Lost in Suburbia: Yield to slow moving vehicles

Tracy Beckerman More Content Now
Posted: Jul. 24, 2019 9:30 am

Unlike the suburbs, most of the wild creatures you encounter in the city are of the two-legged variety. However, before we moved back into the city, I’d certainly had my share of suburban animal encounters. We had squirrels and chipmunks, raccoons and skunks, and woodchucks and groundhogs, which, I’m told, are the same thing except the groundhog gets a holiday named after him while the woodchuck only gets asked the question, “Dude, how much wood can you chuck?”

We also had lots of deer, an occasional fox, and once or twice, someone claimed to have seen a bear although it was more likely that the “bear” was actually a very large version of the aforementioned groundhog.

Anyway, I didn’t exactly live in the jungle, but I thought I had enough colorful animals to contend with … until I went to visit some friends in Florida.

“What’s the delay?” I asked my Uber driver as we stopped in the middle of the road on my way to meet my friends for dinner. I looked around. There was no stop light, no stop sign and no traffic.

“There’s an animal in the road,” he said matter-of-factly.

“A live animal or a dead animal?” I asked, craning my neck to see what was in front of him.

“A live one,” he replied.

“Can you hurry it along somehow?” I asked. “I have a dinner reservation.”

“Nope,” he said.

“Why?”

“’Cuz I don’t want to get eaten,” he said.

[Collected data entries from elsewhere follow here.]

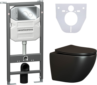 Сет 4 в 1: CN4002MB_1001CH_1000Подвесной унитаз Metropol Rimless арт. CN4002MBШумоизоляционная панель для инсталляции арт. CN1000Система инсталляции для унитазов CERAMICANOVA Envision с кнопкой смыва Round цвет хром и креплениями, арт. CN1001CH Подвесной безободковый унитаз Ceramica Nova Metropol Rimless черный матовый, сиденье микролифт, CN4002MB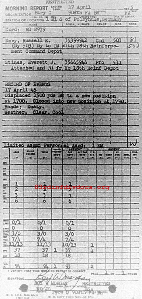 Morning report C/908FA for April 17, 1945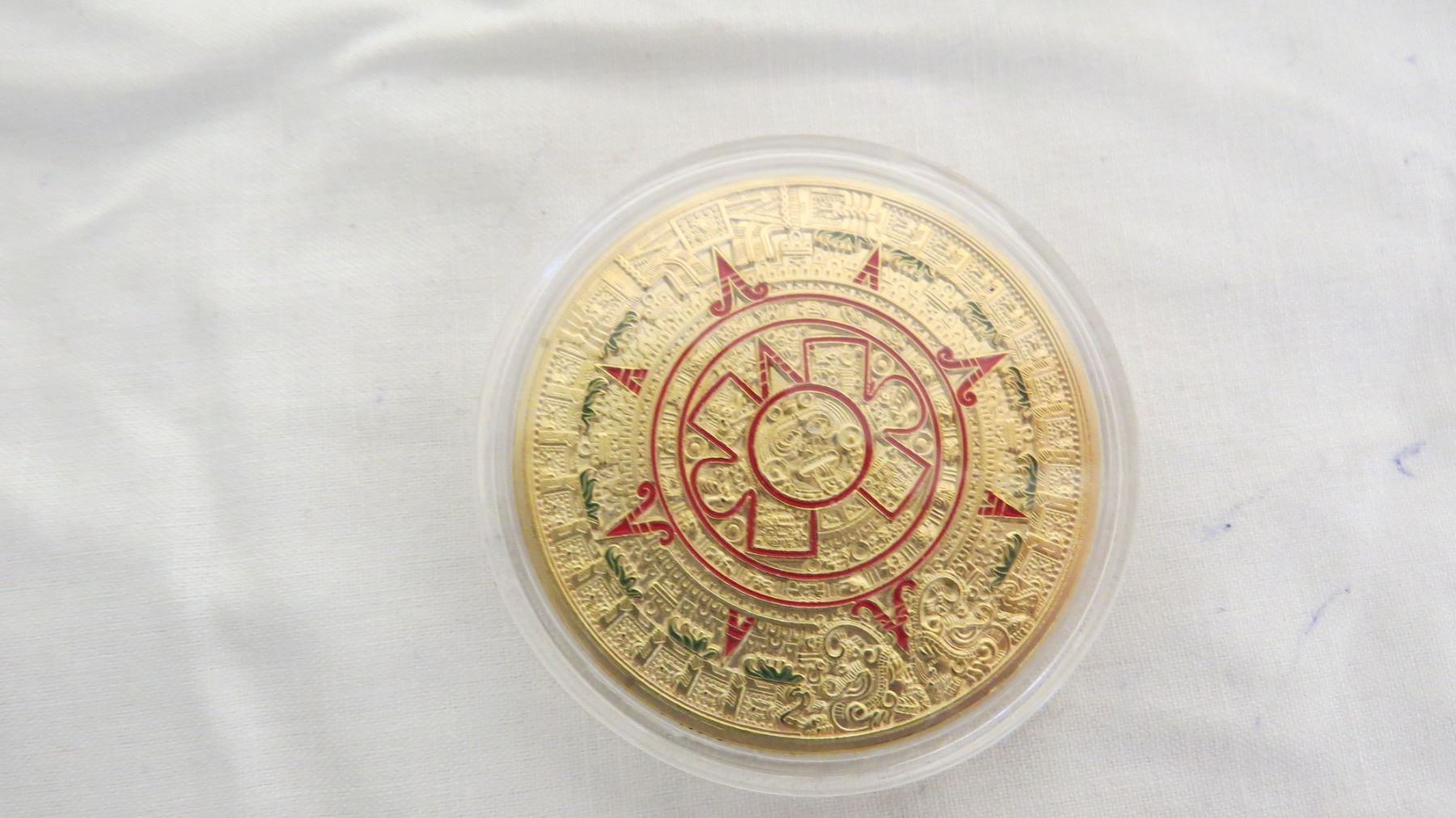 Aztec Gold Calendar Coin in case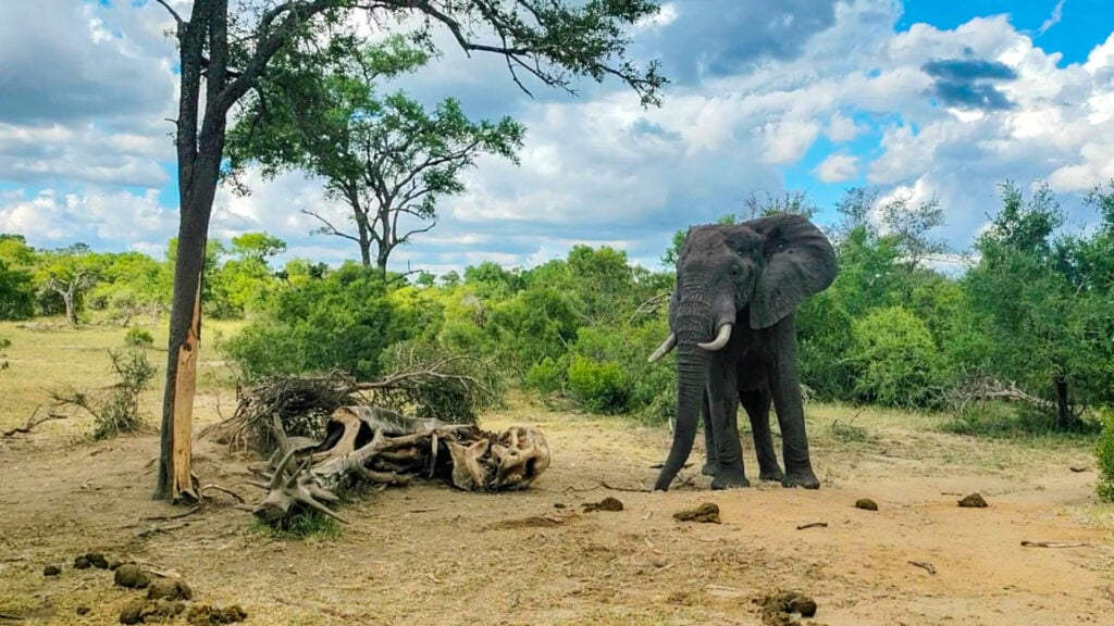 The elephant lingered around its friends carcass, which is also typical behaviour shown by elephants in the event of death.

I was stunned. What could possibly be out there that moved really slowly and also was a dangerous man-eating, or rather Uber driver-consuming animal?

The driver put the car in reverse and backed up 10 feet. As he moved, I saw the animal in question come into view.

There, in the middle of the road, in no hurry at all, was a very big, very scary looking, alligator.

“Wow!” I exclaimed. “What are we going to do?”

“We’re gonna wait,” he said, and put the car in park.

I was shocked. But apparently, this was a thing here. The hotel where I was staying was part of a golf resort. In Florida, it’s not uncommon for an alligator or seven to hang out on a golf course. They don’t play, of course, but they do like to sun themselves on the green and take a swim in the penalty areas (also known as lakes or ponds for those of you who are golf-illiterate).

Occasionally, to get from one penalty area to another, the alligators cross the road. Or in this case, start to cross the road, and then stop. It became clear to me, the alligator novice, that alligators, when not in search of food, do not move particularly quickly. Even if you give them a mulligan.

My shock soon turned to impatience when I realized that there were no other ways out of the resort and I was going to be late for dinner.

“First alligator?” He asked me.

“Yes,” I replied. “We don’t have this problem in New York.”

“You know why?”

“No. Why?” I asked him back.

“Cuz all the alligators in New York live in the sewers.”